Im Zusammenhang mit der Diskussion über die Vorurteilsproblematik Andris ,geht der Pater vom „du“ auf „ihr“ über und verallgemeinert die Eigenschaften der Juden. Er führt nun kein individuelles Gespräch mehr, sondern geht zur Allgemeinheit der Juden über und weist dieser Andris Wesenszüge zu. Das Hände-auf-die Schultern-Legen empfindet Andri als eine Last die ihm von jedem aufgelegt wird, obwohl es der Pater unter keinem negativen Vorwand tat.

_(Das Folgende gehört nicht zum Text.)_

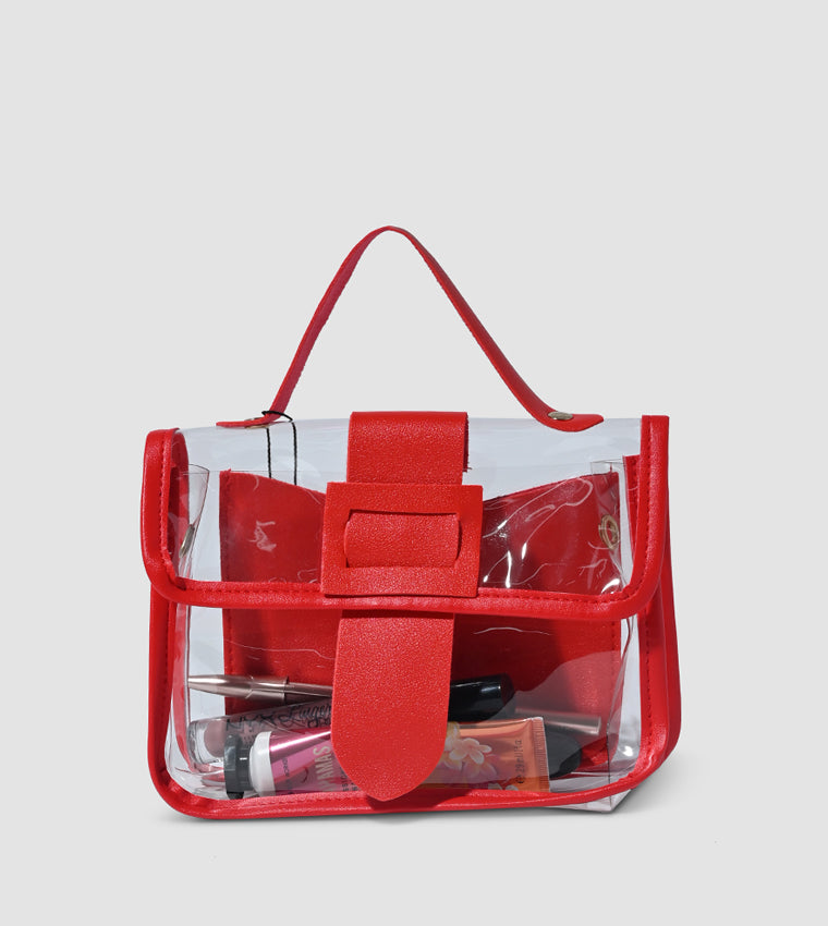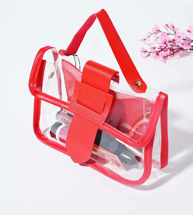 Organise your beauty essentials in style with this transparent red toiletry bag. The vibrant red hue adds a pop of colour, while the clear PVC material allows you to easily locate items inside. With multiple compartments and a secure zippered closure, this spacious bag keeps your makeup, skincare, and grooming products neatly arranged during travel. The durable construction ensures long-lasting use. Measuring 30 cm x 20 cm x 10 cm, it offers ample space for all your toiletries. Lightweight and water-resistant, this chic toiletry bag is a must-have for your next getaway.

Im 9. Bild hingegen wird der Pater aufgefordert, Andri zu erklären, dass er es annehmen soll ein Andorraner zu sein, so wie er ihm vorher erklärt hat anzunehmen das er ein Jude sei. Er versucht Andri davon zu überzeugen, das er ein Andorraner ist. Andri aber hat es angenommen ein Jude zu sein und nun sollen die Andorraner ihn als diesen akzeptieren. Er tritt sehr selbstbewusst auf und verteidigt seinen Standpunkt. Am Ende bekommt Andri den Eindruck, dass alle sich wie Marionetten benehmen und nicht sie selbst sind. Der Pater erwartet von Andri eine positive Auffassung der Tatsache, dass er kein Jude ist. Er wird aber enttäuscht und Andri bringt seine Enttäuschung über das Vorgefallene mit Dominanz im Dialog zum Ausdruck. Das er sehr selbstbewusst ist, erkennt man an der häufigen Verwendung des Personalpronomens „ich“. Mit der Anmerkung, dass alle sich wie Marionetten benehmen würden, erfasst Andri die Künstlichkeit der Situation, da alle mit ihm aus Pflichtgefühl oder durch Aufforderung an ihn wenden. Sein Schicksal und das seiner Familie nimmt er vorweg, indem er prophezeit, dass alles bald zerrissen sein wird und keine Treue mehr hilft.